I am not sure what do you mean by 3D conservative system. I have two possible interpretations:

Option A: A Hamiltonian system with three degrees of freedom (a six-dimensional dynamical system)

Option B: A three dimensional volume preserving flow.

Neither have "transient dynamics" in the sense that trajectories cannot be attracted to a torus. Any transient that you might observe must come from your numerical method introducing spurious dissipation. To minimize this risk, the best advice is to employ symplectic integrators or their generalization to volume preserving flows.

Volume preservation or simplecticity provide also a check on the accuracy of the Lyapunov exponent computation: you may compute each exponent independently and then check for the sum against cero.

I meant Option B. You are right about not having transient dynamic. I had forgotten that. I will investigate the way you proposed. Thank you very much.

However, is there any code someone can introduce me for that? I want a code (MATLAB code) that I give it a 3D system with an initial condition and it tell me whether it is chaotic for sure or not. E.g. consider the famous Sprott A system:

x' = y

y' = -x+yz

z' = 1-y^2

It is well known that for (x0,y0,z0) = (0,5,0) the trajectory is chaotic. However for (x0,y0,z0) = (1,0,0) there will be a torus.

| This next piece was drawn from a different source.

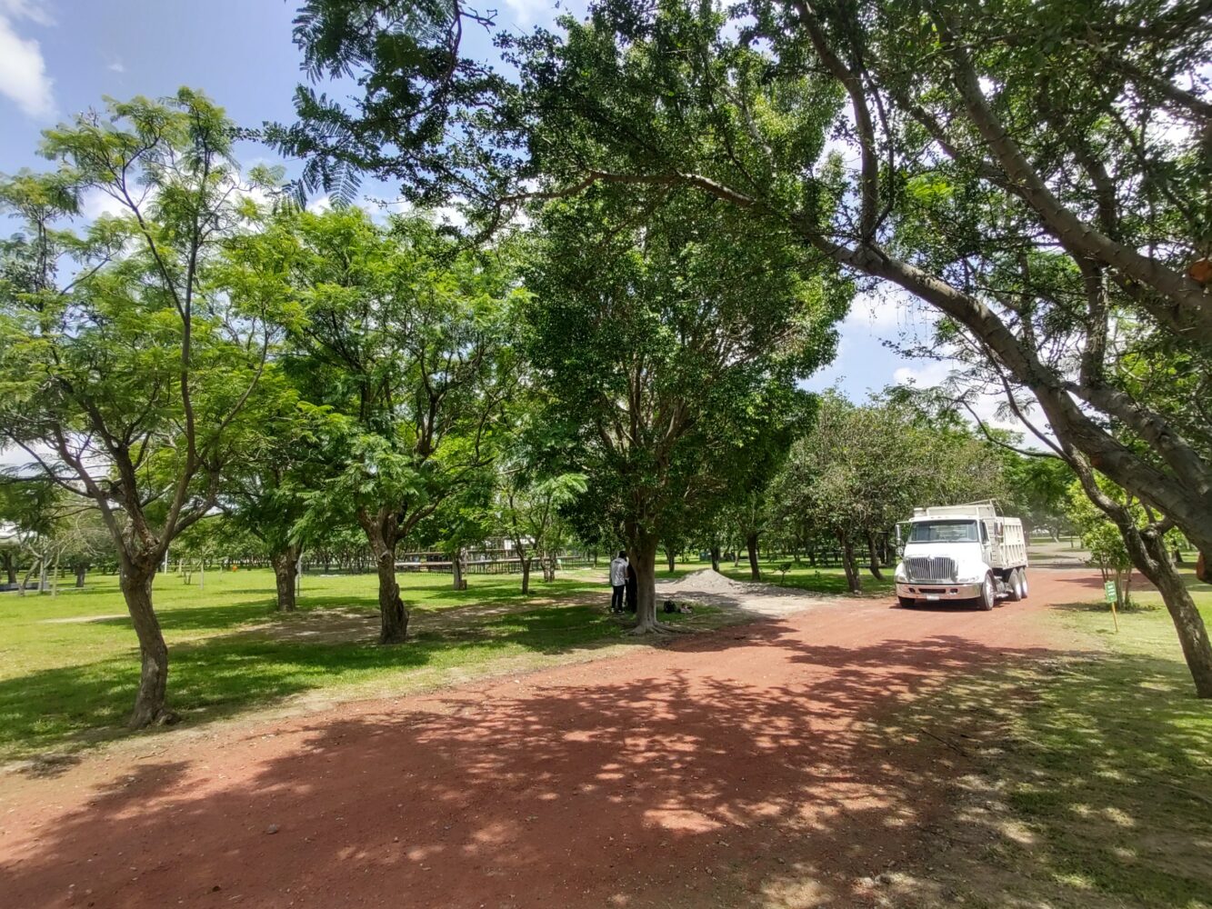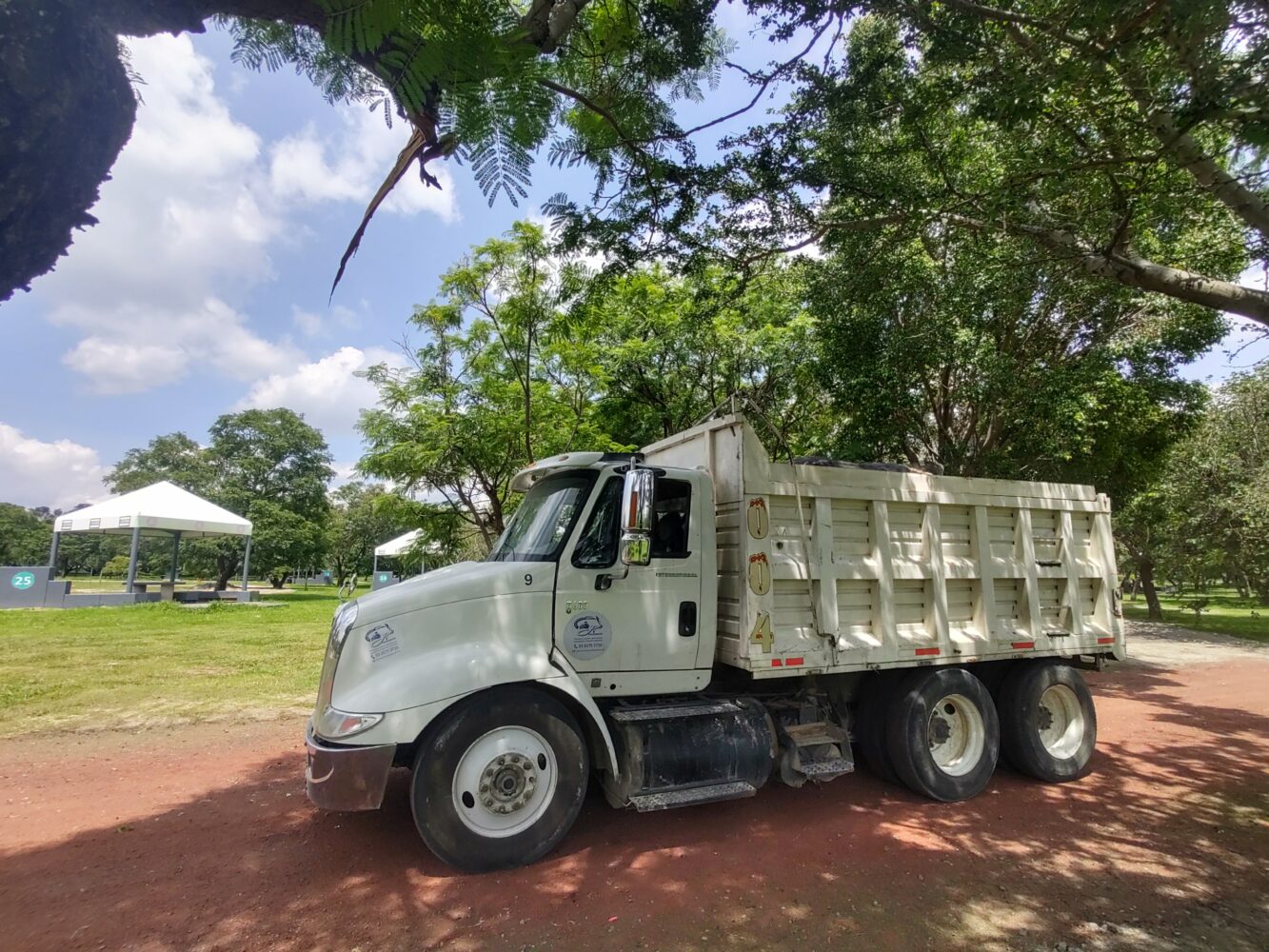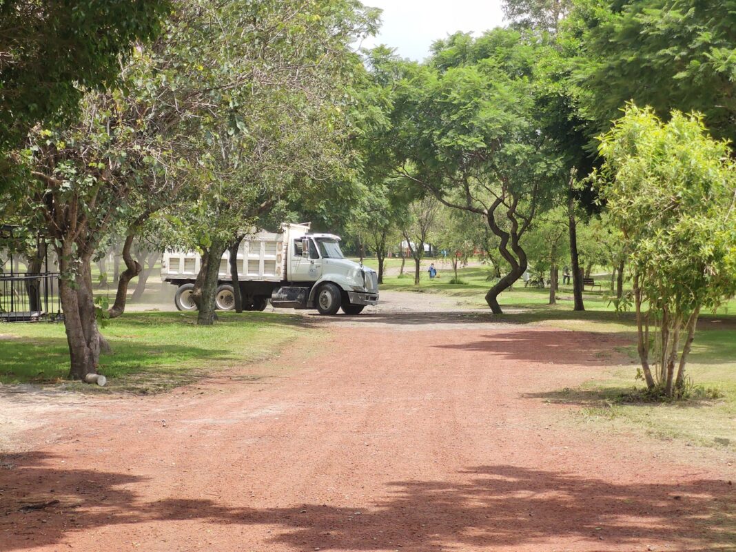 En cuanto a los daños que denuncia el colectivo, Zona Docs pudo constatar la instalación de tres castillos de andamios, el recubrimiento de dos caminos del parque con impermeabilizante similar al asfalto, golpes y mutilaciones en algunos de los árboles ocasionados por el paso de maquinaria y camiones de volteo, y evidencias de disposición ilegal de escombros dentro de un canal natural del parque.

Compute the Lyapunov exponents.

You can try this method---0-1 test for chaos. It is directly used to the time series data.

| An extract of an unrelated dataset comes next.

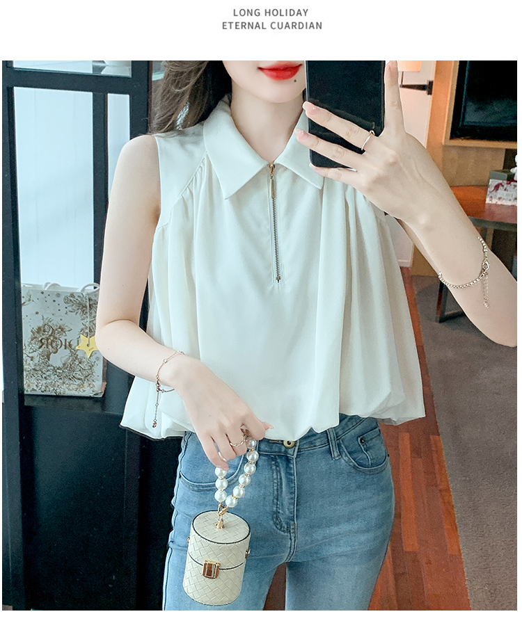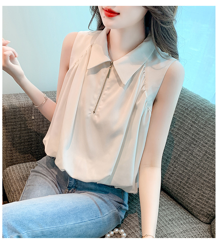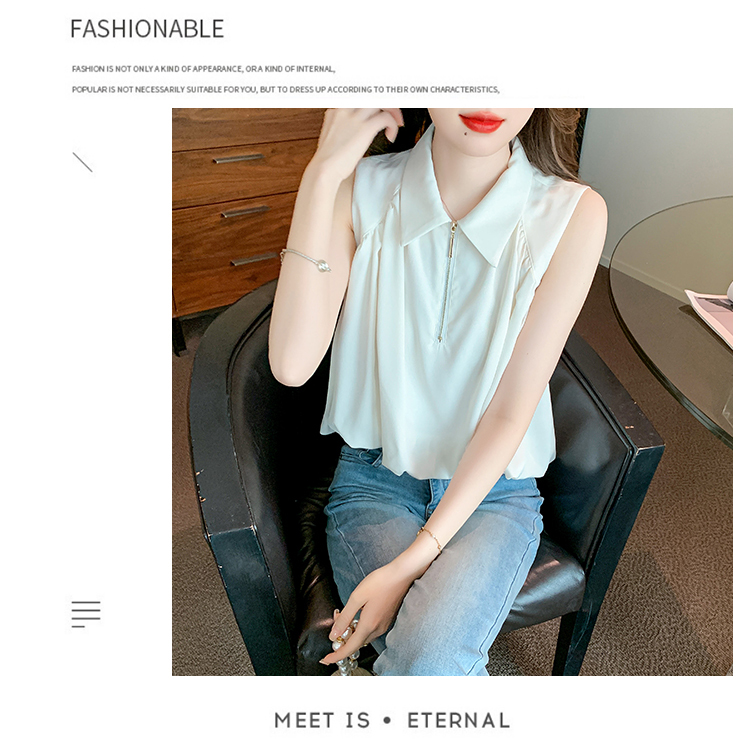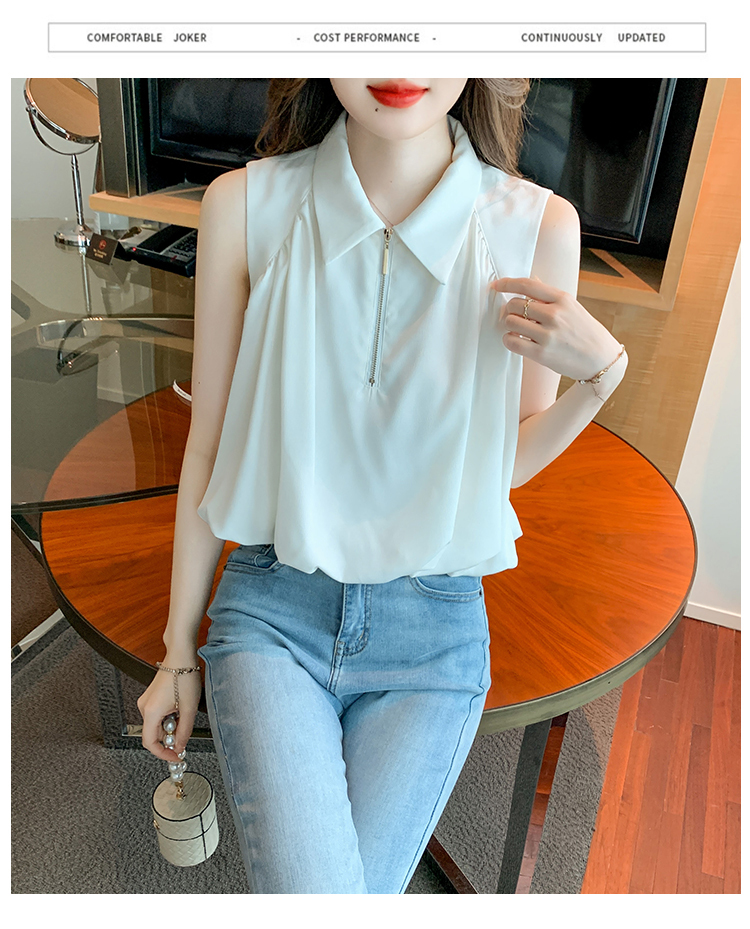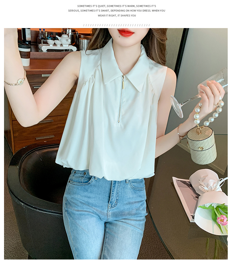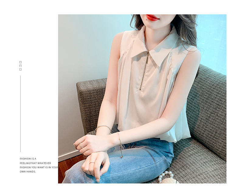 限量特惠|知性翻領拉鍊造型雪紡衫(06H4140)

If I'm not wrong, the Sprott A system you display above is not volume preserving, since the trace of the Jacobian is z. So the system you show above can be area preserving, dissipative or expansive depending on the values of z. In second place, I think you should be carefull telling the differentce between convervative or autonomous and area preserving (I say area, because Hamiltonian systems conserve area proyections, so if your system is three dimensional and area preserving, two Lyapunov exponents should have same value with opposite sign, and the other one should be zero), since conservative means that the force field comes from a potencial, while area preserving systems might not come from a potential. E.g. The forced undamped pendulum is area preserving but not conservative. If the trace of the Jacobian of the 3D flow you are dealing with is zero, then you should use a symplectic (fouth order would be nice) integrator and compute the Largest Lyapunov Exponent. But be carefull, because the coexistence of Kam islands (torus) with hyperbolic regions (destroyed tours) make the dynamics dependent on the region of the phase space you are in, according to Kam's theorem. On symplectic integrators for matlab see:

http://www.mathworks.com/matlabcentral/fileexchange/7686

For Hamiltonian chaos I recommend, for instance:

Chaos and integrability in nonlinear dynamics (Michael Tabor)

If your system is not area preserving, a fourth order Runge-Kutta should work, as far as I am experienced and concerned.

I would plot Poincare section and get from it a return map. Arrangement of points on return map would give hints about periodic or chaotic properties of trajectories as well as about completion of transient mode.

I agree. If you don't need to give a quantitative proof of chaos, plotting the Poincaré map is the easiest way to see at glance Kam islands and hyperbolic regions. Although more difficult, you can compute invariant manifolds of a saddle fixed point and see homoclinic intersections, which are the responsible for chaos. Melnikov's analysis is based on such fact, and can be developed for some systems. Power spectra analysis is another quantitative method to detect chaos. By the way, if you don't feel like programming Lyapunov exponents or something else, J.A. Yorke's "Dynamics: Numerical explorations" software is available and free on the internet. Although I recommend programming everything. Anyway, the program is very useful to learn about chaos. You can arrange your own 3D processes with it, and compute many interesting typical features of Dynamical systems, such us periodic fixed points, Lyapunov exponents, invariant manifolds, basins of attraction, bifurcation diagrams, chaotic parameter sets, chaotic saddles, etc...

Dear Alvaro Garcia

I am so happy knowing you. I will be in contact with you. Thank you for those beautiful answers.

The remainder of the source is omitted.